What a great opportunity for our students to develop their professional skills and resumés while aiding an organization with such an important mission.

December 4, 2006

Universal and Local Scholarship in Public Health

The main article in the Books section in the November 6 issue of The New Yorker is "Sick City" by Steven Shapin. It's an essay on cholera occasioned by Steven Johnson's The Ghost Map: The Story of London's Most Terrifying Epidemic--and How It Changed Science, Cities, and the Modern World.

The article, and the book, focus on the discovery by John Snow, a mid-19th century London physician, that cholera is transmitted by contaminated water. By mapping the incidence of chlolera deaths, Snow traced the locus of terrible London epidemics in 1848 and 1854 to a well in Broad Street, and stopped the spread of the disease by having the handle removed from the pump. Sounds simple now, but it wasn't at a time when cholera was attributed to miasmic air and blamed on the unsanitary habits of poor people, and water-borne bacteria were not recognized as a cause of disease.

This is a fascinating and enormously important story, but I was particularly struck by the following passage near the end of Shapin's article:

The brilliance of Snow's map lay, as Johnson argues, in the way that it layered knowledge of different scales--from a bird's-eye view of the structure of the Soho neighborhood to the aggregated mortality statistics printed in the Weekly Return to the location of neighborhood water supplies--all framed by particular understandings of how people tended to move about in the neighborhood, of the physical proximity of particular cesspools to particular wells, and of the likely behavior of specific, still invisible, and still unnamed pathogens.

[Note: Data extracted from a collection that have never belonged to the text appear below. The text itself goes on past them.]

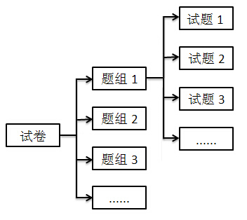 试卷中的题目是由题组来管理的,其结构关系为“试卷->题组->试题”,试题是存放在题组中的,题组可以看作是试卷中的一个基本容器,同一题组中可以添加不同的类型的题目,如下图:
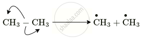 \[\ce{CH3 - CH3 ->[U.V. light] \overset{\bullet}{C}H3 + \overset{\bullet}{C}H3}\]
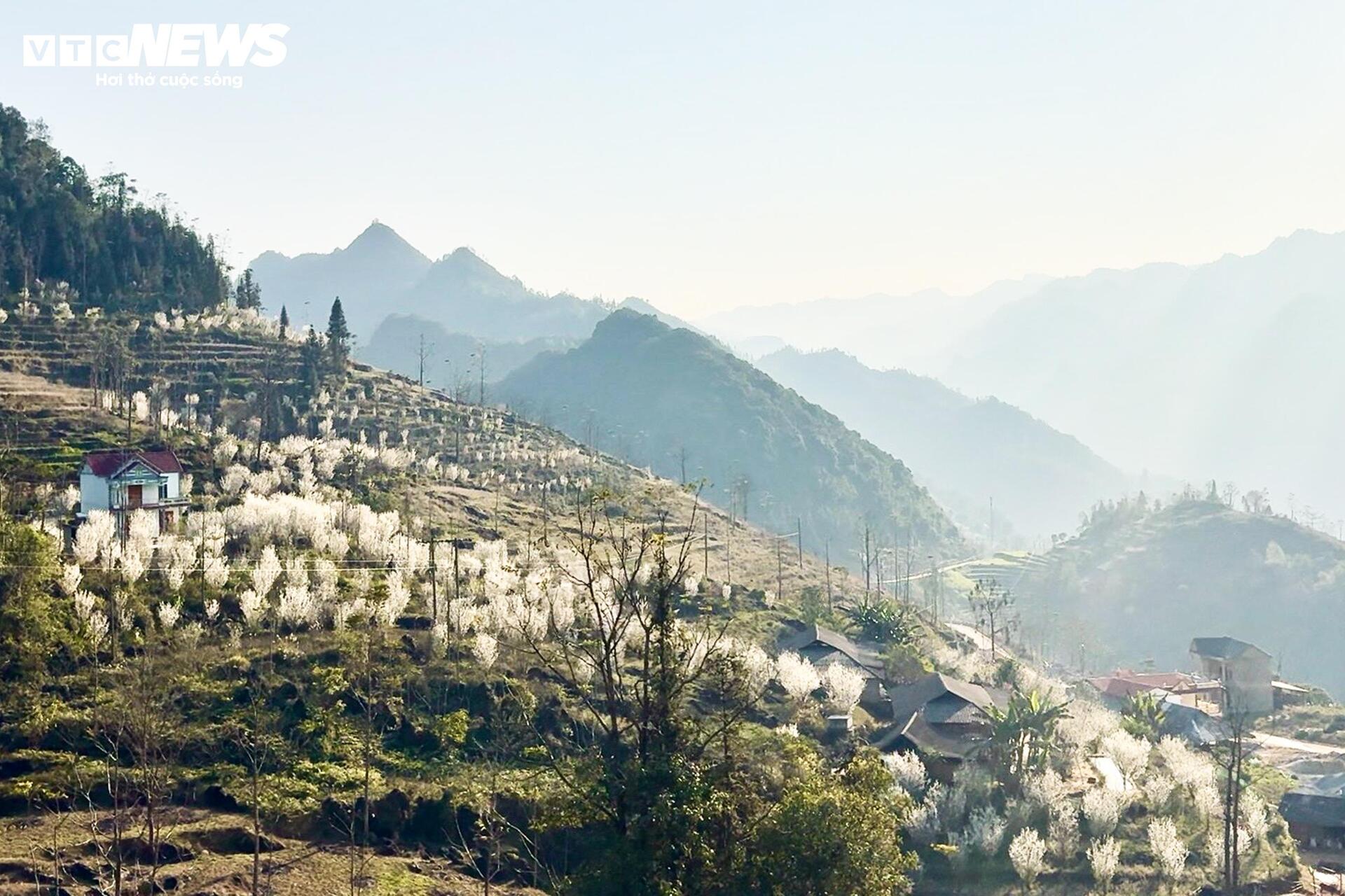 Từ xa nhìn lại, những sườn núi như được phủ lớp trắng tinh khôi, xen lẫn giữa những nếp nhà và ruộng bậc thang.
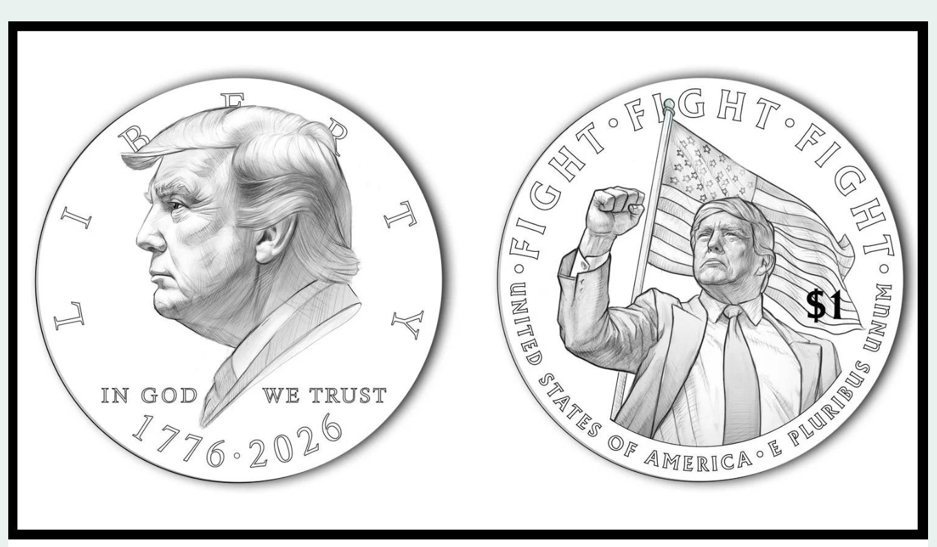 وتُظهر إحدى المسودات صورة لترمب على الوجه الأول من العملة، بينما يظهر على الوجه الآخر رافعاً قبضته أمام العلم الأميركي مع عبارة حارب، حارب، حارب — وهي لقطة مأخوذة من لحظة رفعه قبضته عقب محاولة اغتياله خلال حملته الانتخابية العام الماضي.
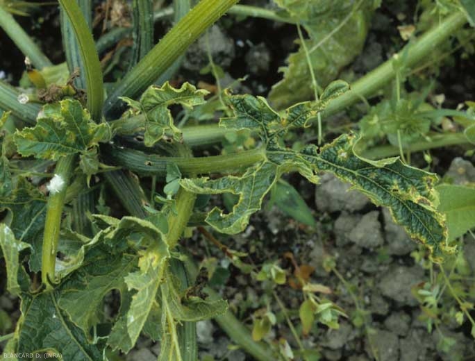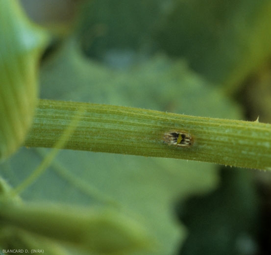 On zucchini , many greasy and necrotic spots can be observed on the petioles (Figures 6 to 8).

A city is a concentration of knowledge as much as it is a concentration of people, buildings, thoroughfares, pipes, and bacteria. Maps like Snow's allowed the modern city to remake itself and to understand itself in a new way. They collected different sorts of knowledge, represented them vividly on the scale of a tabletop, and made that representation available as a resource for urban reform: a plan and a plan of action.

I have written before about the relation of the "universal" and "local" aspects of public scholarship. Snow's work is about the best example I can think of.

December 1, 2006

Microcredit and Community Investment

The October 30 issue of The New Yorker has an interesting article by Connie Bruck, "Millions for Millions", exploring the development and ramifications of microcredit and microfinance. This concept has become prominent since its "godfather", Muhammad Yunus, won the Nobel Peace Prize this year.

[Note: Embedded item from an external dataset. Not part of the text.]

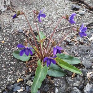 よく写っていないですが。 歩道の舗装の割れ目まからけなげに顔を出しているのに感動して。 これは、ヒメスミレではないかと?
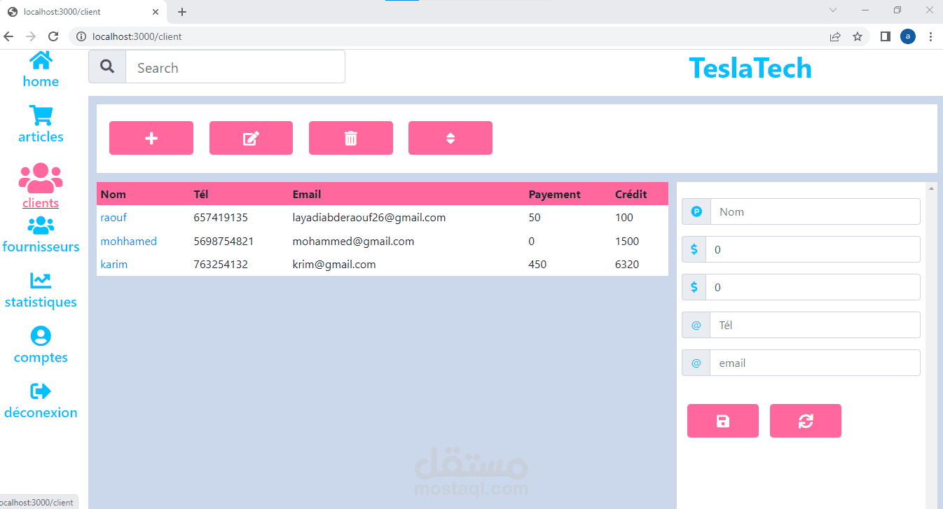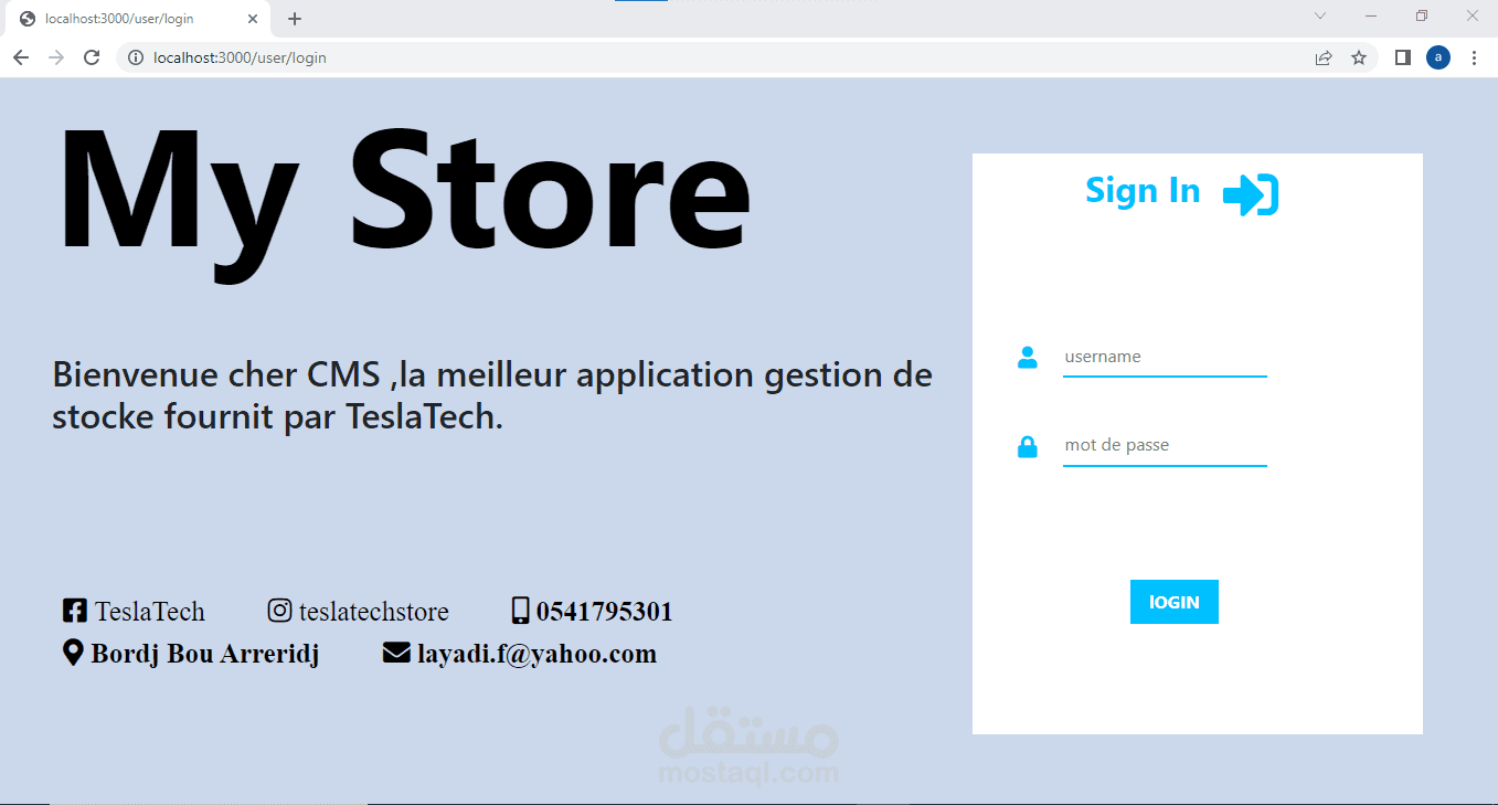 المشروع تم تطويره بواسطة javscript و nodejs و قواعد بيانات mongoDB

Much of the article focuses on whether microcredit/microfinance should be non-profit or for-profit. This debate has some relevance to considerations by colleges and universities, and other substantial institutions (e.g., churches and synagogues) about whether they should deposit some of their funds in neighborhood banks. The banks can then lend to small local businesses and civic organizations, funding local development that can improve the social health of the neighborhood.

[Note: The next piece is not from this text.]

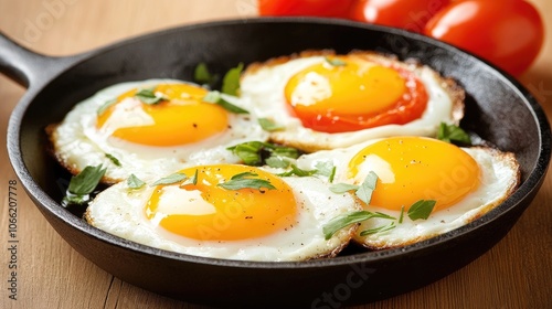 Fresh Eggs in Cast Iron Skillet with Herbs and Tomatoes

This approach, called community (re)investment, seems like an attractive additional way to move toward the goals of neighborhood improvement that institutions now try to implement by community service, service-learning, and similar volunteer efforts.

Hesitations about community investment arise because of concerns about fiscal prudence and maximizing investment income. The data show that microcredit loan defaults are very infrequent, and neighborhood banks specialize in assessing such risks.

Maximizing investment income is a different issue. If an institution has made trying to improve a neighborhood one of its priorities, does it make more sense to maximize return on investment and then use the money to fund neighborhood improvement programs, or to accept a slightly lower return on an investment that enables the neighborhood to help itself?

These options are not mutually exclusive, and some of each might be the most productive strategy.